**TASK DESCRIPTION**
Your task is to retype the lines from the opening of the material through the line that includes "חלוקי נחל אפור". Do not copy the pictures.

**EXCERPTED DATA**
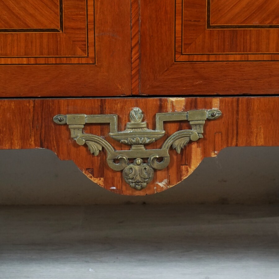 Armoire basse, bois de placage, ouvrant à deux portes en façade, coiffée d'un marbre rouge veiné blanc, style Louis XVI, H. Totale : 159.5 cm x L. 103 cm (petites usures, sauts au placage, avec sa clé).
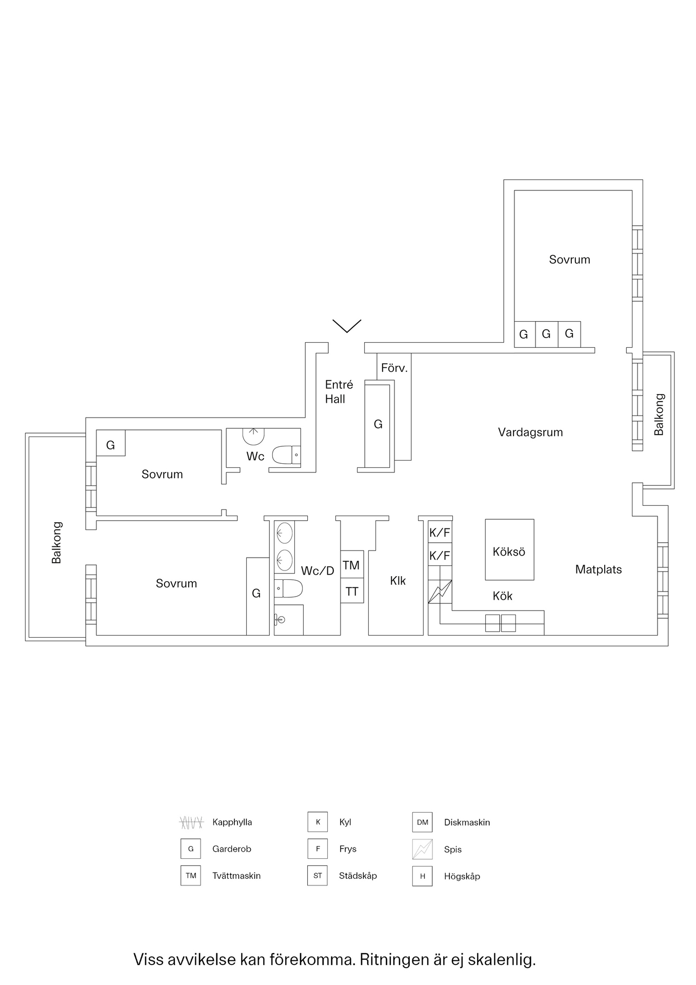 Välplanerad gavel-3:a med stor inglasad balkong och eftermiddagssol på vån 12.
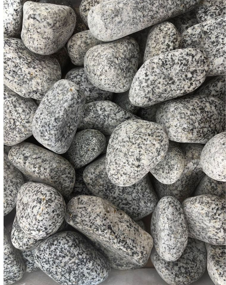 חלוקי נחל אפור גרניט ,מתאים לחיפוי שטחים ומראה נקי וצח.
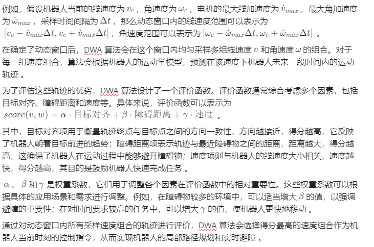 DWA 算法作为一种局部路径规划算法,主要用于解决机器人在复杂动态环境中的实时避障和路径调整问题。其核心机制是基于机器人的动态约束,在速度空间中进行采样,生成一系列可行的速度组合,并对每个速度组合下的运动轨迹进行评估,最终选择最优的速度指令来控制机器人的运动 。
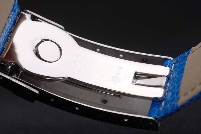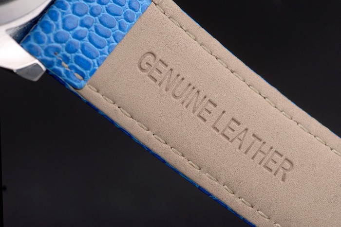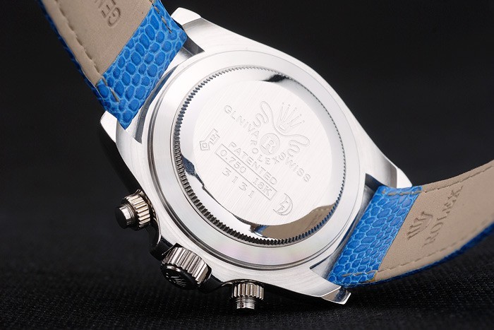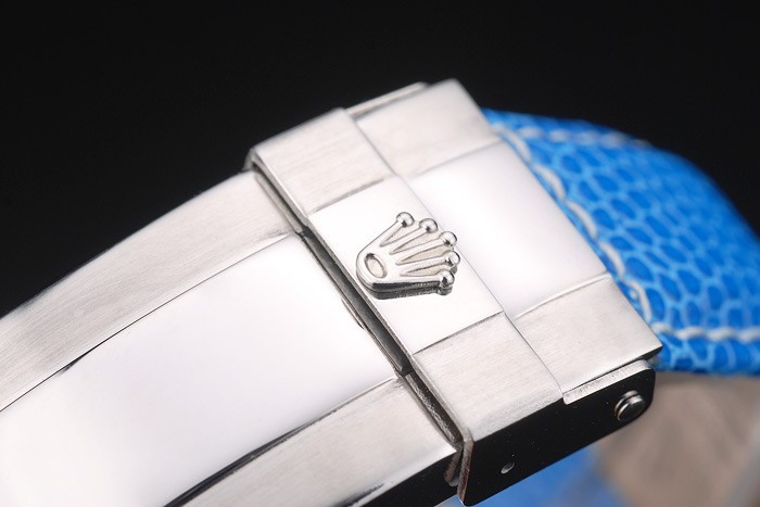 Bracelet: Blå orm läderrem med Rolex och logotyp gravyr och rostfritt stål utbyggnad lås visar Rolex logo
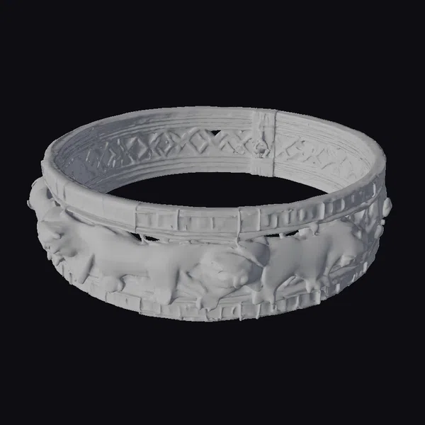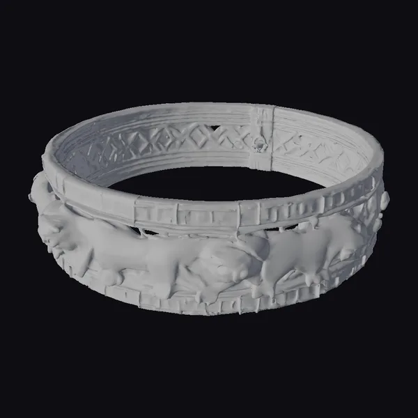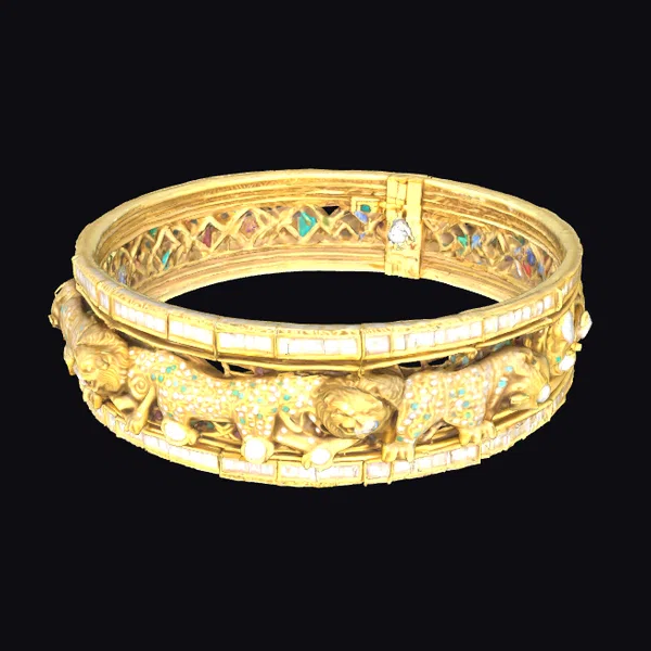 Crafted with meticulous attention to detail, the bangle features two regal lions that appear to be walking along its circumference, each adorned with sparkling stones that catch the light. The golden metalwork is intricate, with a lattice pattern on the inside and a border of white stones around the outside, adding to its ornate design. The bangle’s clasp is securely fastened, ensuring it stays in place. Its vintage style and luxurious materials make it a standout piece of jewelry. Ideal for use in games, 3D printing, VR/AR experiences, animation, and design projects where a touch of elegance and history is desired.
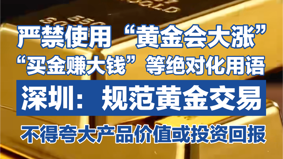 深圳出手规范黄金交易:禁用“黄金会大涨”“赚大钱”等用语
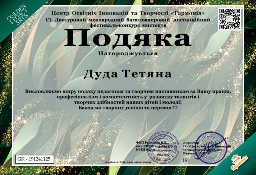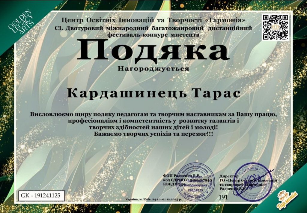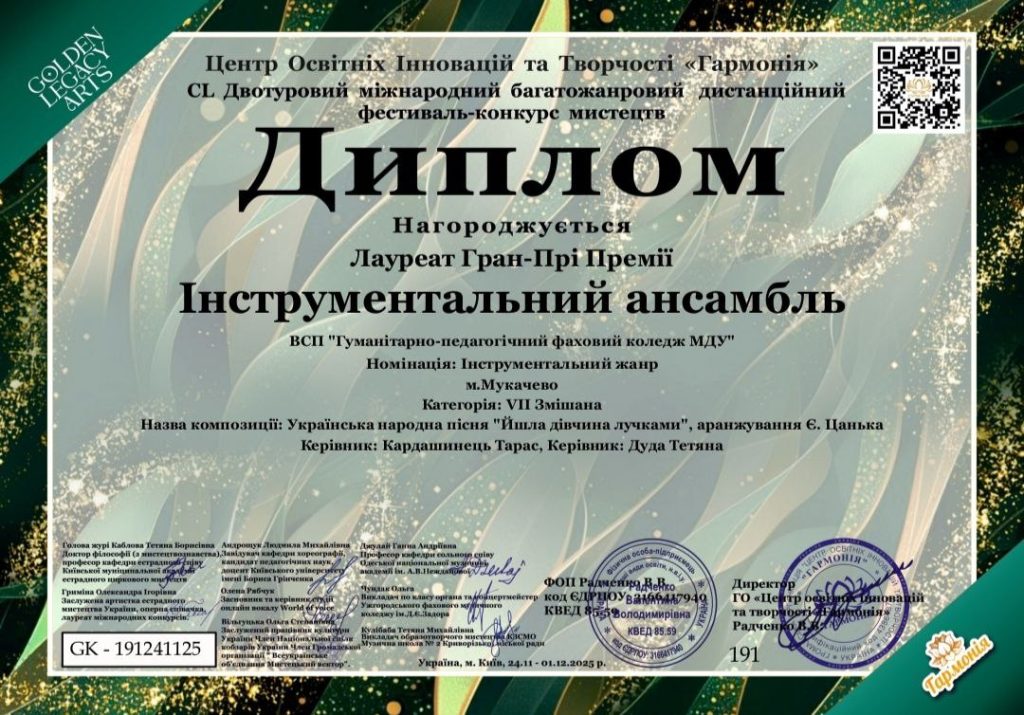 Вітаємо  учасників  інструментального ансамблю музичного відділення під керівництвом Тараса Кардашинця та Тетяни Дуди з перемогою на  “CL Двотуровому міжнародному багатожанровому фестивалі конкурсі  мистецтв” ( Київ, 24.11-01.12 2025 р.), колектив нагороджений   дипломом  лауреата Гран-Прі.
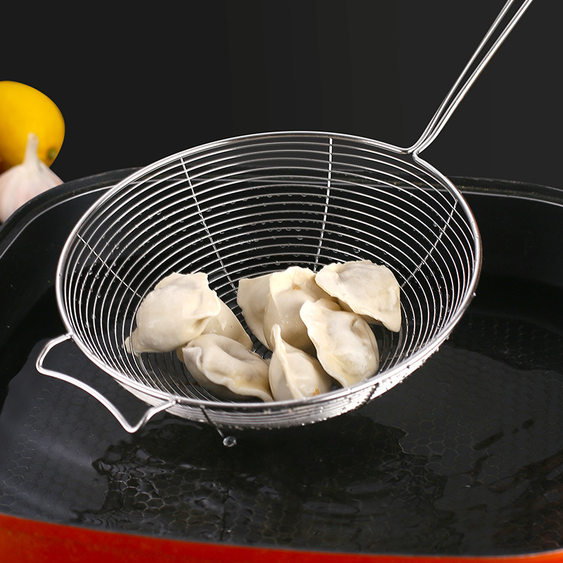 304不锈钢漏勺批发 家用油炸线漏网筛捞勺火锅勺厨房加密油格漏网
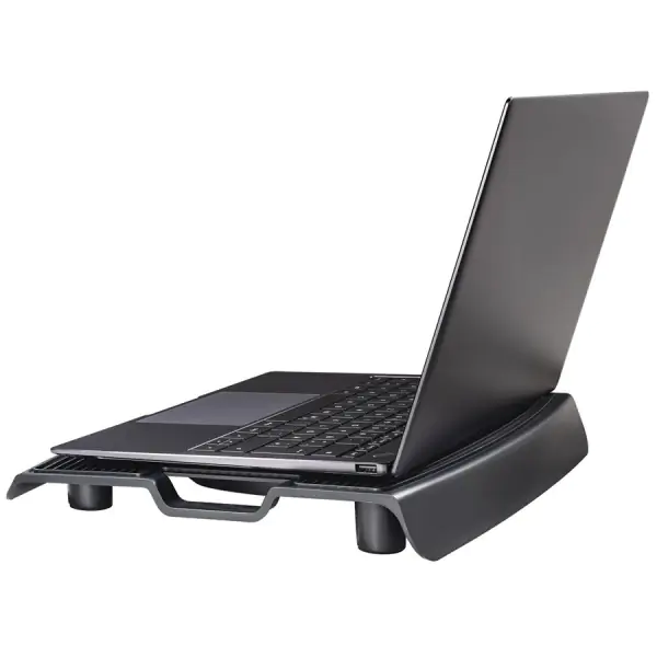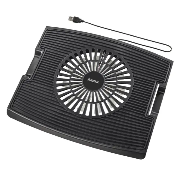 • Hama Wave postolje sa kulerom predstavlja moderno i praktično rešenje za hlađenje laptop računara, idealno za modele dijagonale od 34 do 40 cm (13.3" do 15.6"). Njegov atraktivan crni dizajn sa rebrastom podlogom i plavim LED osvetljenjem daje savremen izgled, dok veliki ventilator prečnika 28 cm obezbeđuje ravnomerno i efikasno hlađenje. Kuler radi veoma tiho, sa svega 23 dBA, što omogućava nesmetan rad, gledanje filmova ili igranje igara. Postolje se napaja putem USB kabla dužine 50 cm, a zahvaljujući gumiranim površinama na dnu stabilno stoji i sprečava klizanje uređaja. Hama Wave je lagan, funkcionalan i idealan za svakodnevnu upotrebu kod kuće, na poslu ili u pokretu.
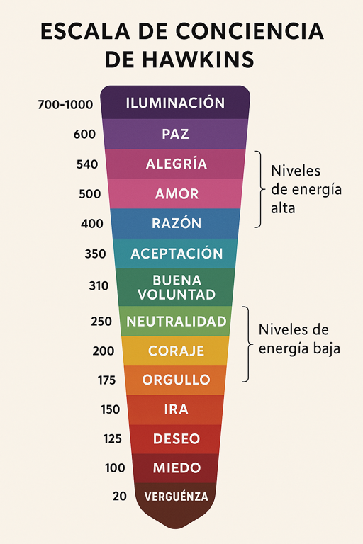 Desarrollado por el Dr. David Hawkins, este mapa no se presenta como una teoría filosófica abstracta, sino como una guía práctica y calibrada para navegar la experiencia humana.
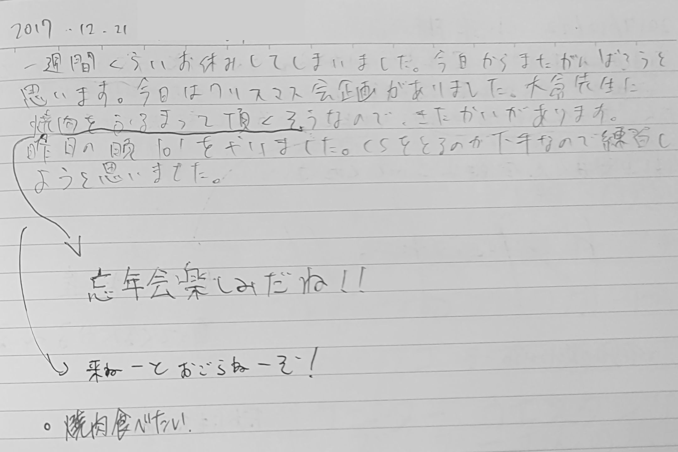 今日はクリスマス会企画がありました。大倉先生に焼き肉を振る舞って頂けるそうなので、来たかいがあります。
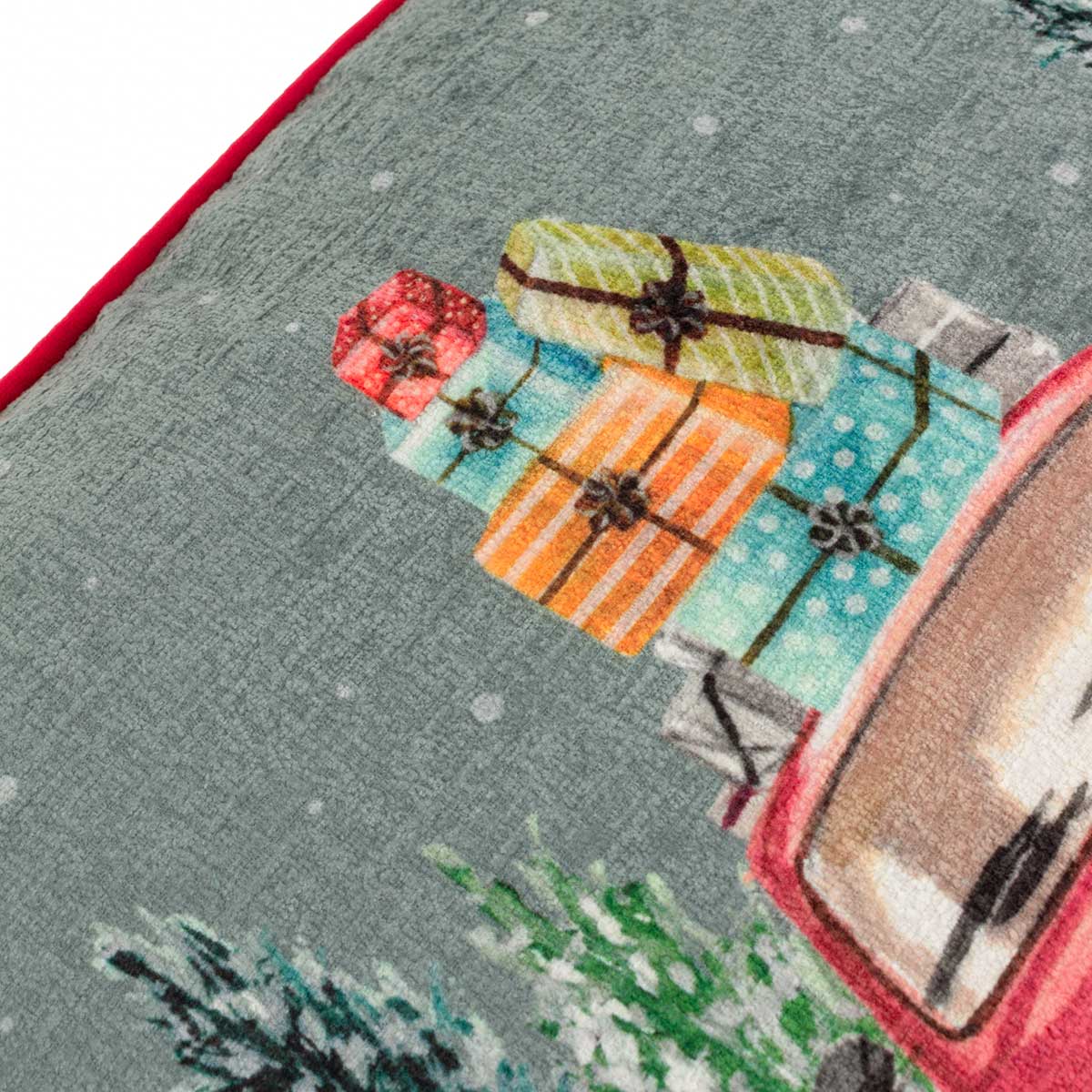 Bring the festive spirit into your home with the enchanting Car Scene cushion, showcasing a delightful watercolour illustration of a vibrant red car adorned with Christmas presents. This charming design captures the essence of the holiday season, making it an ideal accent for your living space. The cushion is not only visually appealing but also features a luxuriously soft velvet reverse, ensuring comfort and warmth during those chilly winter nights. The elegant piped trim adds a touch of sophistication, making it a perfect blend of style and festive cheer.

**RESULT FOR THIS TASK**
 Armoire basse, bois de placage, ouvrant à deux portes en façade, coiffée d'un marbre rouge veiné blanc, style Louis XVI, H. Totale : 159.5 cm x L. 103 cm (petites usures, sauts au placage, avec sa clé).
 Välplanerad gavel-3:a med stor inglasad balkong och eftermiddagssol på vån 12.
 חלוקי נחל אפור גרניט ,מתאים לחיפוי שטחים ומראה נקי וצח.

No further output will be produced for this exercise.